A senior Chinese central banker said on Tuesday he was not overly worried about the state of his country’s economy, but said “structural issues” remained in some local government debt.
People’s Bank of China Deputy Governor Zhang Qingsong also told the Hong Kong Monetary Authority’s Global Financial Leaders Summit the overall debt of the Chinese government is in the mid-to-low range by international standards.
The summit, in its second year, had some of China’s senior regulators meeting with CEOs from major Western banks and other business officials.
“Global investors have some concern about the Chinese economy, including the pace of economic recovery, problem with the property markets and local government debt,” Zhang said.
“You may ask me, are you worried? No, not too much.”
China is grappling with an economic slowdown and a massive debt crisis in its property sector that has crippled some of its biggest developers, scared off investors and triggered fear of contagion.
On Tuesday, a mixed set of Chinese economic indicators showed imports unexpectedly swung to growth in October while exports contracted at a quicker pace than in September and at a rate far worse than analysts had estimated.
Zhang also said China’s debt level, compared with international standards, was not overblown.
The government’s leverage ratio was 79.4% as of the first quarter, Zhang said, lower than many advanced economies.
“We all believe that the overall debt level of the Chinese government is in the middle to lower range by international standards,” he said.
“Local government debt is a structural issue as most debts are issued by governments in eastern and central provinces where the size and growth of economic output outperformed others; that means they have a strong ability to serve their debt.”

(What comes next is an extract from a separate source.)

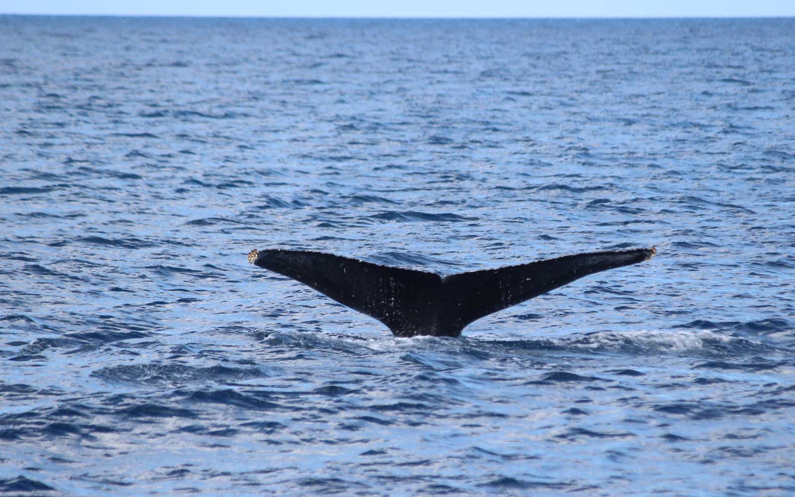 鯨の追跡時間は、鯨のストレス回避のため1時間に制限されています。その間に15分おきに、ブシューという息継ぎと同時に鯨が現れます。ただ今回の鯨君はシャイな性格なのか、派手なパフォーマンスは無く、しっぽや背中をチラリと見せるだけで潜っていきました。これを3回ほど見た後、港に向かいます。

China has told state-owned banks to roll over existing local government debt with longer-term loans at lower interest rates, two people with knowledge of the matter said, as part of central government efforts to reduce debt risk in a faltering economy.

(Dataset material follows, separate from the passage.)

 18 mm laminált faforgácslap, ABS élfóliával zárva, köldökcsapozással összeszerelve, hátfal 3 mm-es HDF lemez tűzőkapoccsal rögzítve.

Debt-laden municipalities represent a major risk to the world’s second-largest economy and its financial stability, economists said, amid a deepening property crisis, years of over-investment in infrastructure and huge bills to contain the COVID-19 pandemic.

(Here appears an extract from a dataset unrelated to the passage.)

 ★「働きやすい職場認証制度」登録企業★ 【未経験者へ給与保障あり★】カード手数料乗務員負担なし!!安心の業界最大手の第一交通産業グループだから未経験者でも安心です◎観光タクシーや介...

The government has sought to breathe life into China’s beleaguered property market and broader economy with a raft of measures that have so far done little to boost demand.
On Monday, balance of payments data showed China recorded its first-ever quarterly deficit in foreign direct investment, underscoring capital outflow pressures.
Speaking at the same finance event in Hong Kong, China Securities Regulatory Commission Vice-Chairman Wang Jianjun said China will be more actively participating in the international regulation of capital markets.
China faces a daunting task in trying to revive growth after a brief post-COVID-19 bounce in the wake of persistent weakness in the property industry, a faltering currency and weak global demand for its manufactured goods.